Exercise input –
---------------

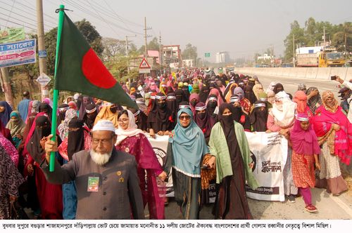 বগুড়া-৭ আসনে জামায়াত প্রার্থীর দাঁড়িপাল্লা নিয়ে হাজারো নারীর রাজপথে মিছিল
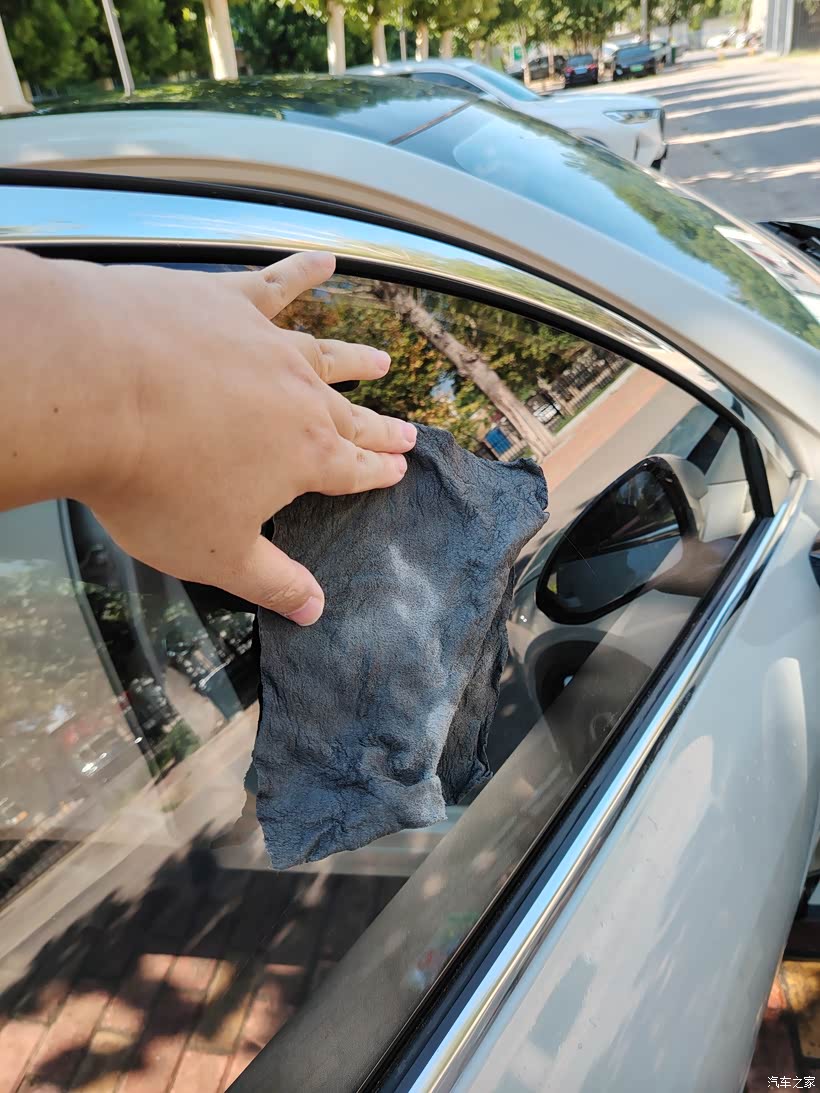 车窗上有很多水印,不好清理干净,所以我用专业的麂皮擦拭,非常干净。
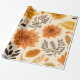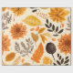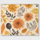 Um design de outono vibrante, com grandes flores florais de tona quente cercadas por um conjunto de folhas delicadamente ilustradas. Os amarelos do ouro, as laranjas queimadas e os browns profundos capturam a essência da beleza esmaecida do outono. As samambaias e ramificações suaves adicionam textura a este padrão equilibrado, com cada elemento fluindo organicamente contra um fundo macio e neutro. A interação de cores e motivos naturais evoca um encanto sereno e rústico.
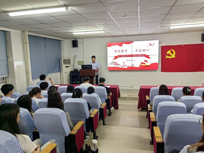 薛磊勉励全体新党员切实端正入党动机,自觉加强理论学习,不断提高理论修养和政治素质,坚定理想信念,不忘初心跟党走;要牢记“全心全意为人民服务”的宗旨,贯彻党的群众路线,始终以群众利益、集体利益为先,在工作学习中不断提高自己的政治觉悟、综合素质和工作能力,充分发挥先锋模范作用,做好党组织的助手,在同学中做好宣传教育工作,带动身边的同学共同进步。
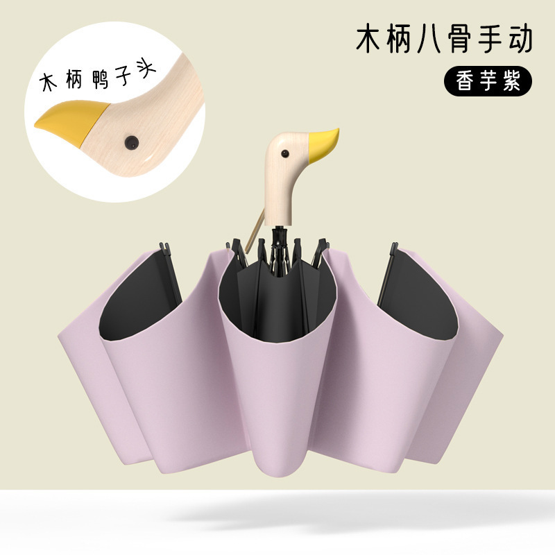 8-뼈 두꺼운 검은 고무 오리 머리 우산 여성의 태양 보호 및 자외선 보호 및 비 보호 이중 사용 태양 우산
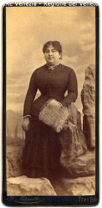Ritratto: in studio, figura intera, frontale - Donna: in piedi, appoggiata ad una roccia, con un manicotto scalda-mani in mano - Vestiario: abito scuro, bottoni, colletto e polsini bianchi - Accessori: manicotto scalda-mani in pelliccia
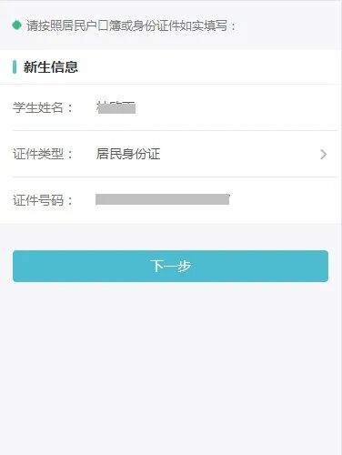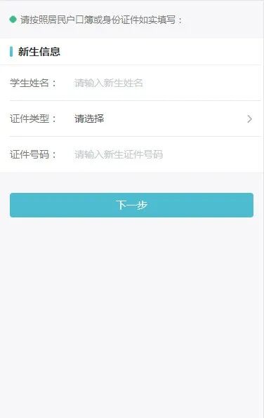 2.进入新生信息填写页面,输入新生的姓名、证件类型、证件号码。
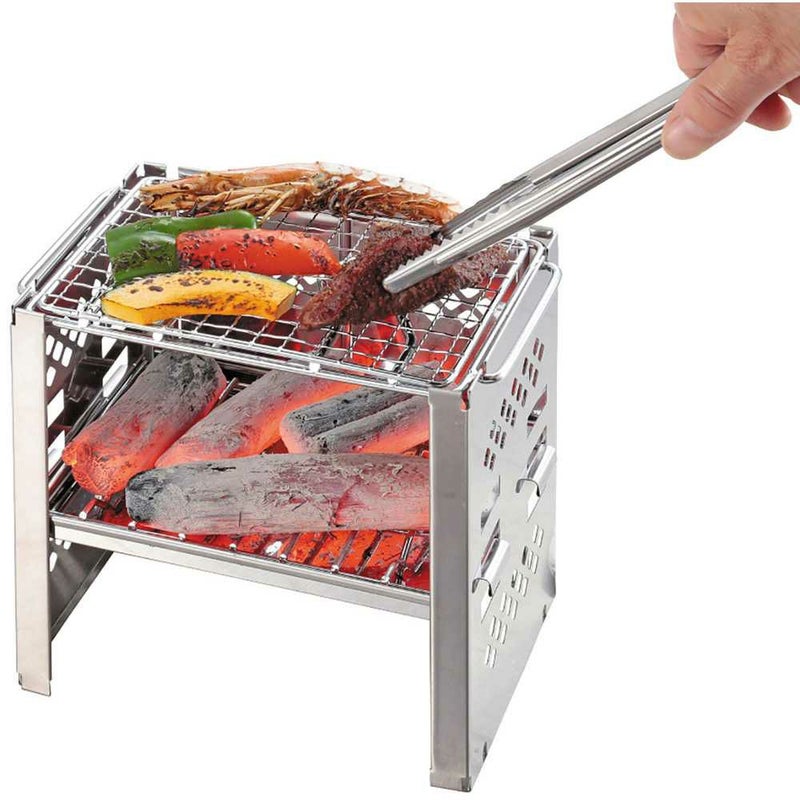 ソロキャンプに最適なスリムタイプのトング。料理用トングとしてはもちろん、炭用のトングとしても使えます。卓上焼肉用のトングとしても便利です。収納ストッパーで固定すると、トングの先端が卓上に付かず置けます。炭用のトングとしても使えます。カマドスマートグリルB6型・B5型(別売)の収納バッグに、グリルと一緒に収納することができるサイズです。

---------------

Try it – For this exercise, transcribe exactly the part of the records above that opens with the line containing "8-뼈 두꺼운 검은 고무" and closes with the one containing "2.进入新生信息填写页面,输入新生的姓名、证件类型、证件号码。". Pictures are not part of the copy.

Answer below –
 8-뼈 두꺼운 검은 고무 오리 머리 우산 여성의 태양 보호 및 자외선 보호 및 비 보호 이중 사용 태양 우산
Ritratto: in studio, figura intera, frontale - Donna: in piedi, appoggiata ad una roccia, con un manicotto scalda-mani in mano - Vestiario: abito scuro, bottoni, colletto e polsini bianchi - Accessori: manicotto scalda-mani in pelliccia
 2.进入新生信息填写页面,输入新生的姓名、证件类型、证件号码。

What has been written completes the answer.